10月号
連載コラム 「続・第二のプレイボール」|Vol.4
釣り好きのマスターと慕われる元プロ野球選手・大原和男さん
文・写真/岡力<コラムニスト>
創業34年になる一軒の焼鳥屋、カウンター越しで威勢よく料理を提供する大原和男さんは阪神タイガースに在籍した元プロ野球選手である。
神戸市垂水区出身、幼少期は三角ベース程度だったが中学に進学すると本格的に野球を始める。当時、大阪市内の公立に通っていたが兄の助言もあり名門・浪商中学校へ転校。特にプロを意識せず野球漬けの毎日をおくる。転機が訪れたのは高校3年の時。阪神のスカウトから声がかかり育成選手として練習に参加。翌年の1966年に行われたドラフト会議で10位指名を受け正式に入団した。ちなみに1位指名は、江夏豊だった。オールラウンドプレーヤーだった大原さん。早々に捕手としてブルペンに座りジーン・バッキ―や村山実といった大投手の球を受けた。1969年からの3年間は、一軍の試合に出場。しかしシーズンオフに大洋ホエールズからトレード話が浮上。同時期に父親が他界した事もあり関西を離れる事ができずユニホームを脱いだ。
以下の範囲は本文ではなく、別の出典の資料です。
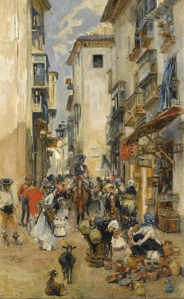 Dans la rue : vie urbain - taidegrafiikka Dans la taidegrafiikka "Dans la rue", José García Ramos vangitsee kaupunkielämän olemuksen kirkkaiden väripalettien ja dynaamisen sommittelun avulla. Hahmot, eloisat ja ilmeikkäät, liikkuvat yksityiskohtaisessa ympäristössä, jossa jokainen elementti kertoo tarinan. Taiteilijan tekniikka, joka yhdistää impressionismin ja realismin, luo elävän ja immersiivisen tunnelman, kutsuen katsojan sukeltamaan tähän päivittäiseen kohtaukseen. Valon ja varjon leikit lisäävät vaikuttavaa syvyyttä, tehden tästä taideteoksesta kiehtovan ja elävän. José García Ramos : espanjalaisen realismin mestari José García Ramos, syntynyt vuonna 1852 Sevillassa, on ikoninen espanjalaisen realismin taiteilija. Hän sai vaikutteita aikansa suurilta mestareilta ja kehitti ainutlaatuisen tyylin, joka yhdistää tarkkuuden ja ilmaisullisuuden. Toimintansa lopulla 1800-luvun lopulla ja 1900-luvun alussa hän osallistui lukuisille näyttelyille, edistäen espanjalaisen taiteen tunnustusta kansainvälisesti. Hänen teoksensa, usein keskittyen päivittäiseen elämään ja kansankohtauksiin, osoittavat syvää ymmärrystä ihmisestä ja sitoutumista todellisuuden uskolliseen esittämiseen. Monipuolinen sisustustarjonta Taidegrafiikka "Dans la rue" on koristeellinen kappale, joka sopii täydellisesti erilaisiin tiloihin, kuten olohuoneeseen, toimistoon tai jopa makuuhuoneeseen. Sen tulostuslaatu ja uskollisuus alkuperäiselle teokselle takaavat esteettisen viehätyksen. Valitsemalla tämän taideteoksen lisäät sisustukseesi eleganssia ja dynaamisuutta, samalla herättäen keskustelua taiteesta ja kulttuurista. Sen elävä ja värikäs tunnelma tekee tästä taideteoksesta keskeisen osan sisustustasi, vangiten kaikkien vieraidesi huomion.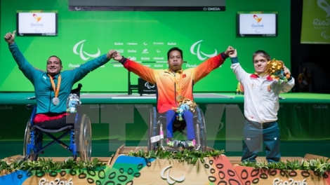(VOVworld)- 河内时间9月9日凌晨,参加2016年夏季残疾人奥林匹克运动会上的越南举重运动员黎文公在男子49公斤级比赛中以181公斤的成绩夺得金牌,不仅如此,他还两次刷新男子49公斤级世界纪录。这也是越南自2000年参加残奥会以来的首枚金牌。

再就職先が見つからず路頭に迷う日々。そんな時、意外な人物が手を差し伸べた。「村山実さんが料理好きだった私をホテル阪神に紹介してくれました。それがきっかけでフランス料理のシェフとして第二の人生がスタートしました。ただ、独立の際はコストや手間を考えて焼鳥にしました(笑)」。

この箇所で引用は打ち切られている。